PBMs Under Fire: Are Patients Pay More for Less Choice?

A recent report from the House Committee on Oversight and Accountability reveals that pharmacy-benefit managers (PBMs) are guiding patients toward more expensive medications and restricting their choice of pharmacies. This report emerges after a 32-month investigation and is timed with an upcoming hearing featuring executives from the nation’s largest PBMs.

PBMs serve as intermediaries in prescription drug plans for health insurers, negotiating costs with pharmaceutical companies and determining patient out-of-pocket expenses. The three largest PBMs—Express Scripts, UnitedHealth Group’s OptumRx, and CVS Health’s Caremark—control about 80% of prescriptions filled in the U.S.

The committee’s findings indicate that PBMs are favoring higher-priced brand-name drugs on their preferred drug lists, often at the expense of more affordable options. Instances are noted in the report, including emails from Cigna discouraging the use of cheaper alternatives to Humira, a medication for arthritis and other autoimmune diseases costing approximately $90,000 annually, while at least one biosimilar was available for about half that cost.

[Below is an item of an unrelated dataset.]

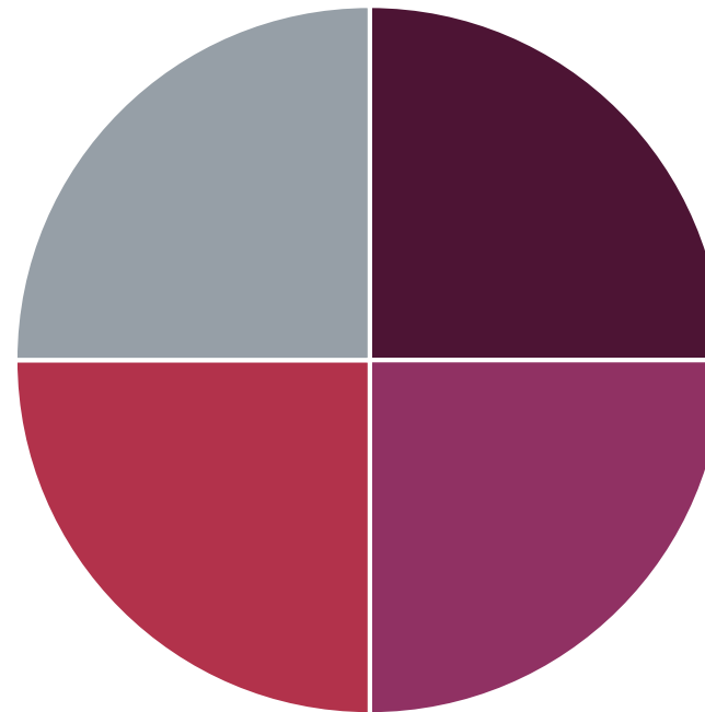
Without Testing and Interview

Additionally, the committee highlighted how Express Scripts informed patients that filling a prescription at a local pharmacy could be more expensive than obtaining a three-month supply through its affiliated mail-order pharmacy. This practice appears to limit patients’ choices regarding their pharmacy options.

A similar report from the U.S. Federal Trade Commission (FTC), published earlier this month, underscores these concerns, stating that the six largest PBMs have gained significant control, managing nearly 95% of all prescriptions in the nation. The FTC warns that the considerable power held by leading PBMs adversely affects patients’ access to affordable medications and leads to conflicts of interest that favor affiliated businesses over independent pharmacies.

FTC Chair Lina M. Khan remarked that these middlemen are “overcharging patients for cancer drugs” and generating over $1 billion in additional revenue from these practices.